Tough choices lie ahead for Germany’s Social Democrats, too. After years of centrism in a grand coalition, they will have to face the fact that many workers have turned their back on what was once a workers’ party. Although going into the opposition might be part of the answer to this problem, this in itself is unlikely to guarantee the party’s survival.
A BITTER TREND
Sunday’s performance must weigh heavily on the SPD. Its attempts to successfully challenge Merkel have failed for a third time. (Its previous efforts in 2009 and 2013 similarly brought historic defeats.) The 2017 election has become part of this bitter trend—a far cry from the days when the Social Democratic Chancellors Helmut Schmidt, Willy Brandt, and Gerhard Schröder captured the German electorate with landslide victories.

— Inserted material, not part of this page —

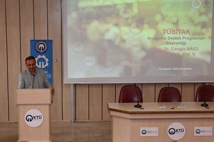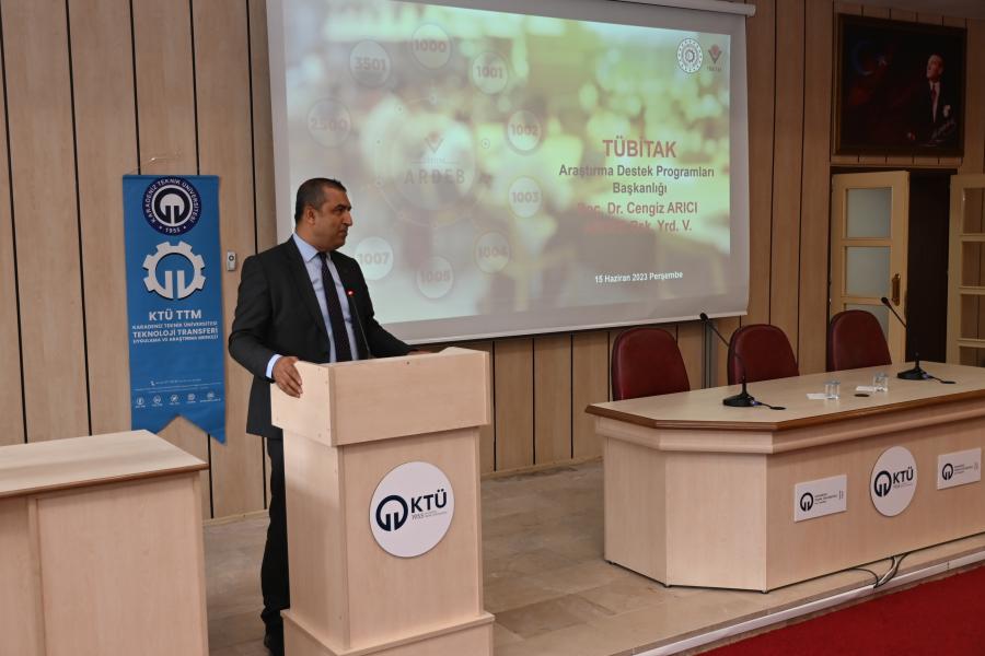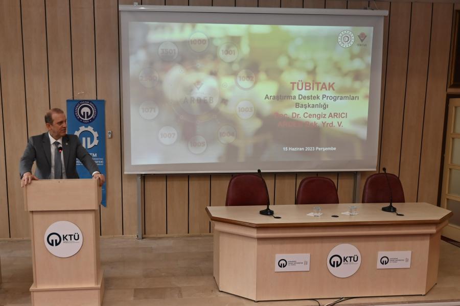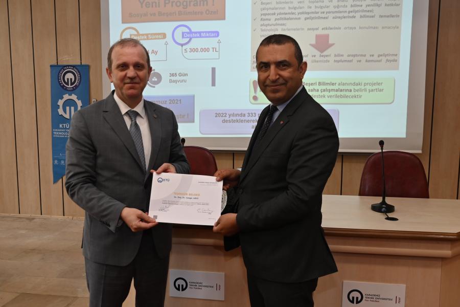 KTÜ TTM ve TÜBİTAK Araştırma Destek Programları Başkanlığı (ARDEB) organizasyonuyla; Üniversitemiz yüksek lisans/doktora öğrencileri, doktora sonrası araştırmacıları ve akademisyenlerine yönelik “TÜBİTAK ARDEB Destek Programları Bilgilendirme Etkinliği” gerçekleştirildi. TÜBİTAK ARDEB Başkan Yardımcısı Doç. Dr. Cengiz ARICI’nın konuşmacı olarak katıldığı etkinlikte TÜBİTAK ARDEB programları hakkında bilgilendirme yapılarak güncel değişiklikler anlatıldı. Etkinlik sonunda Rektörümüz Prof. Dr. Hamdullah ÇUVALCI tarafından Doç. Dr. Cengiz ARICI’ya plaket takdim edildi.
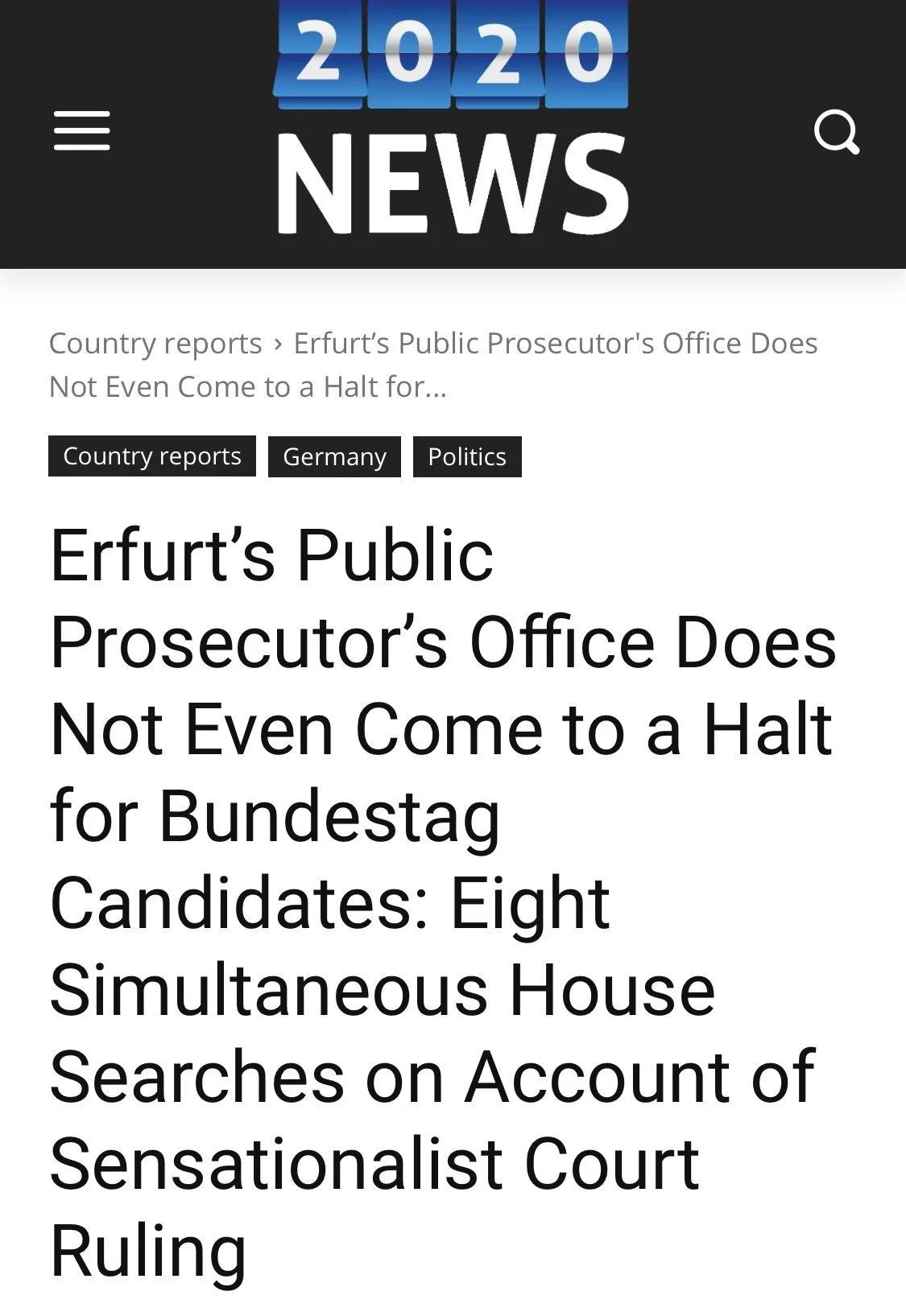 Erfurt’s Public Prosecutor’s Office Does Not Even Come to a Halt for Bundestag Candidates: Eight Simultaneous House Searches on Account of Sensationalist Court Ruling

Many voters watched the German election campaign with indifference. For the Social Democrats, however, the campaign was a rollercoaster ride of renewed hope and resigned frustration. After Schulz became the SPD’s candidate for chancellor in January, the party experienced a surge in popularity, driven by pro-European enthusiasm embraced in part to counter nationalist tendencies in the wake of the election of Donald Trump as U.S. president and the surge of right-wing populists across Europe. In February, the Social Democrats topped the polls, reveling in public interest they had not enjoyed in years.
That moment, dubbed the “Schulz effect” by German commentators, proved short-lived. Over the months that followed, Schulz struggled to keep the momentum, and the SPD suffered a series of defeats in regional elections. Merkel, meanwhile, presided comfortably over a booming economy, enjoying widespread international support and a sympathetic domestic media. As the chancellor dominated the news cycle—between May and July, she hosted the G-20 summit in Hamburg, welcomed former U.S. President Barack Obama in Berlin, and met with Pope Francis in the Vatican—Schulz countered with sober policy proposals that failed to match the public attention given to Merkel. He also struggled to shed the image of provincialism bestowed by his initiation into politics as mayor of a small town in western Germany. (That reputation is undeserved, given Schulz’s tenure as president of the European Parliament.) By July, fewer than 25 percent of Germans planned to vote for the SPD.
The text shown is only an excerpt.